Meanwhile, as Garfield lingered, the entire country held its breath. When Lincoln was elected in 1860, the population of the United States stood at just thirty-one million. In 1880, it was more than fifty million, swelled by immigration. And it was far more networked than ever before with transcontinental railroads, the telegraph, and Bell’s telephone, so that communication was now near instant, at least in more populated regions. News of Garfield’s “progress” was broadcast daily, and crowds gathered around public bulletin boards hungry for updates. Much of it was misleading. The president was dying. Since his doctors could not acknowledge that to themselves, it is perhaps less surprising that they could not say it out loud. On September 19, James A. Garfield was no more. The author succeeds brilliantly in recreating the America of 1881 that daily watched breathlessly until Garfield breathed no more.
Millard, who is not a trained historian, puts many seasoned academics to shame by combining meticulous research with a gift for compelling prose that grips the reader from the first paragraph to the final pages. Her first book, The River of Doubt: Theodore Roosevelt's Darkest Journey, won national acclaim for its appeal to both a popular and a scholarly audience. Its success was closely rivaled by the more recent Hero of the Empire: The Boer War, a Daring Escape and the Making of Winston Churchill. For her readers, it is perhaps no surprise that Destiny of the Republic earns similar accolades. Like many other terrific books that I purchase and set aside for later consumption, this one sat on my shelves for many years. I eventually turned to it just after closing the cover of another author’s biography of Garfield that succeeded masterfully in its study of the man but was marred by a too superficial treatment of his era. Millard proved the perfect remedy! For fans of American history: do not skip this one.

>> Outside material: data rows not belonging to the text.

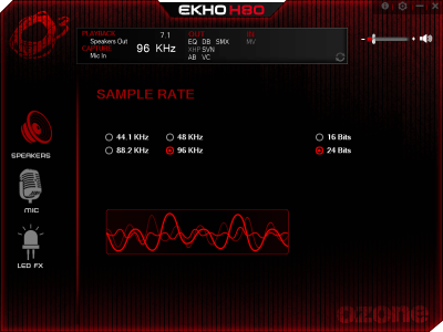 サンプリング周波数は96KHzまで、ビットレートは16bitsと24bitsのどちらかに変えられます。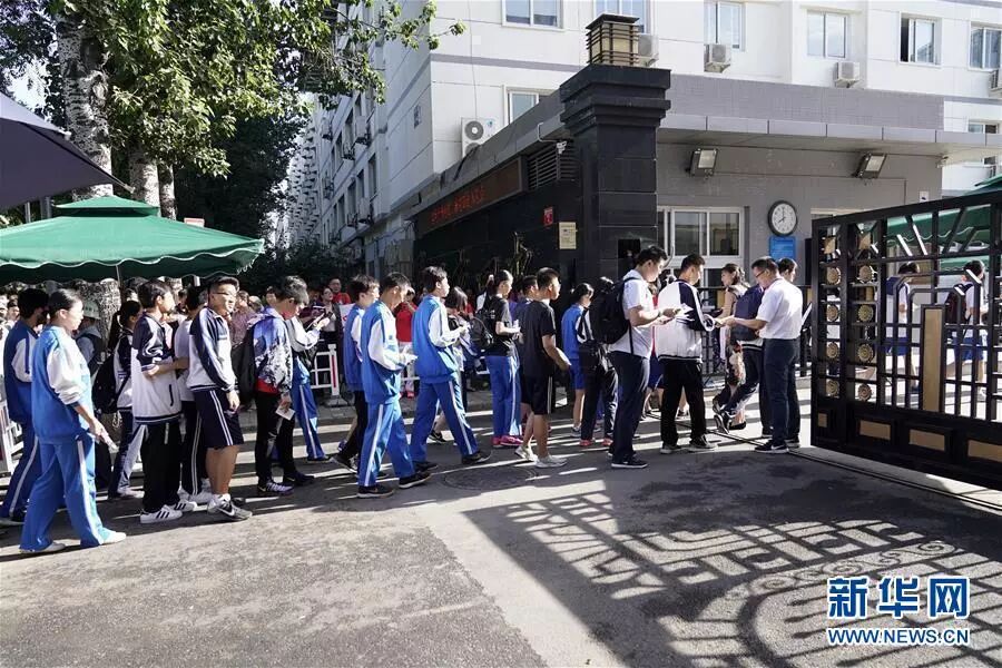 北京第四中学の試験会場に入っていく受験生たち(撮影・沈伯韓)。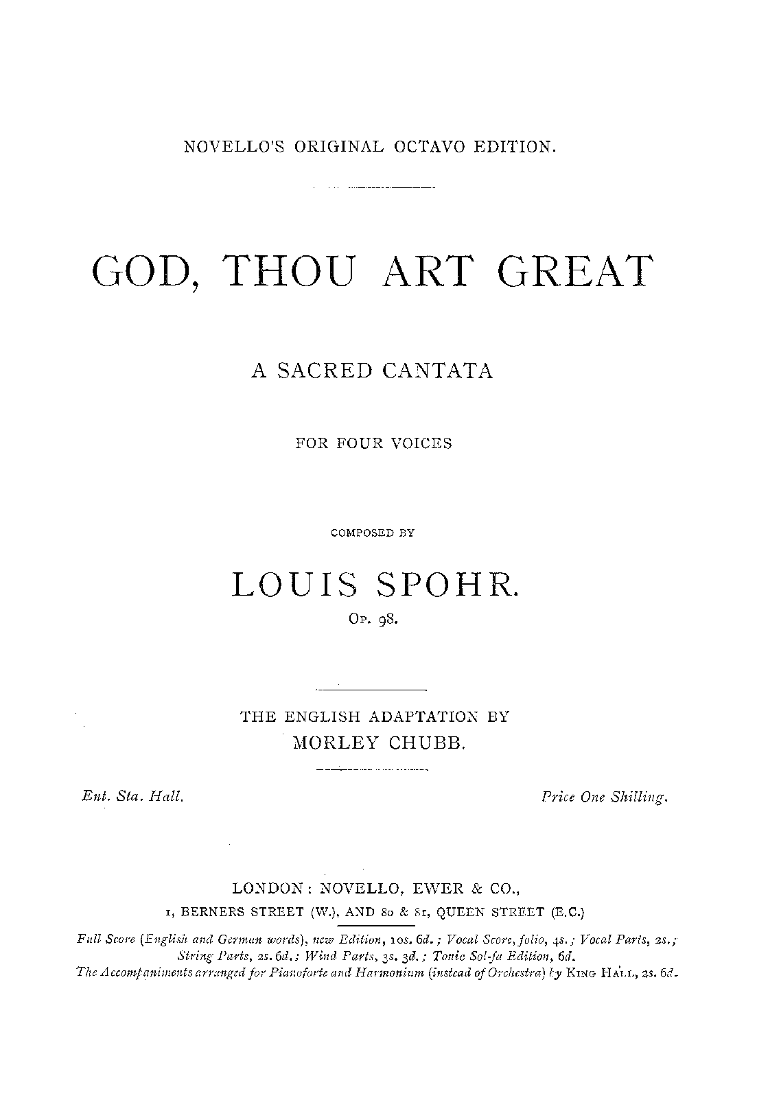 | Alternative. Title | God, Thou Art Great ; A Sacred Cantata for Four Voices |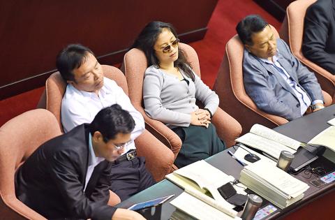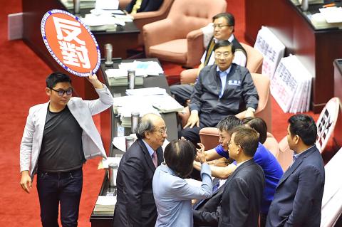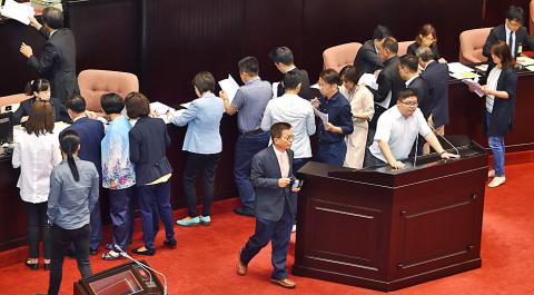 Legislators for and against the pension reform gave speeches in between the votes, with the KMT caucus criticizing President Tsai Ing-wen’s (蔡英文) pension reform plan.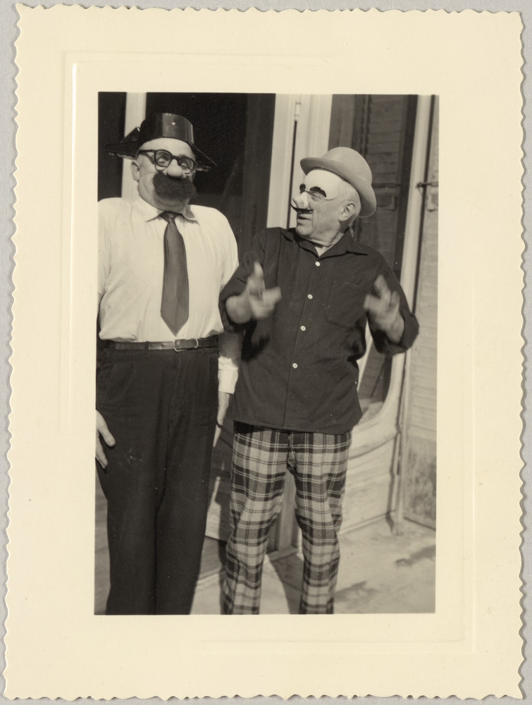 Pablo Picasso et [Douglas Cooper] déguisés, sur le perron de La Californie, Cannes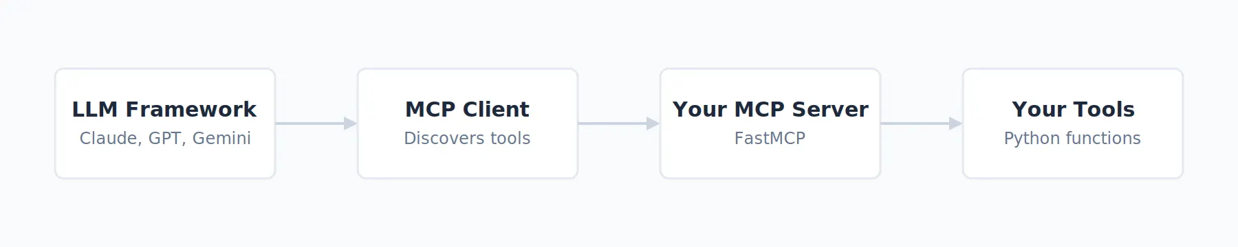 Se encarga de las tareas aburridas (detección, enrutamiento, serialización) para que puedas centrarte en lo que importa: las herramientas en sí. Tu función meteorológica, tu consulta de base de datos, tu remitente de correo electrónico.

My review of: Hero of the Empire: The Boer War, a Daring Escape and the Making of Winston Churchill, by Candice Millard

My review of: President Garfield: From Radical to Unifier, by C.W. Goodyear

The latest book review & podcast! Review of: Destiny of the Republic: A Tale of Madness, Medicine and the Murder of a President, by Candice Millard – Regarp Book Blog https://regarp.com/2024/06/02/review-of-destiny-of-the-republic-a-tale-of-madnes...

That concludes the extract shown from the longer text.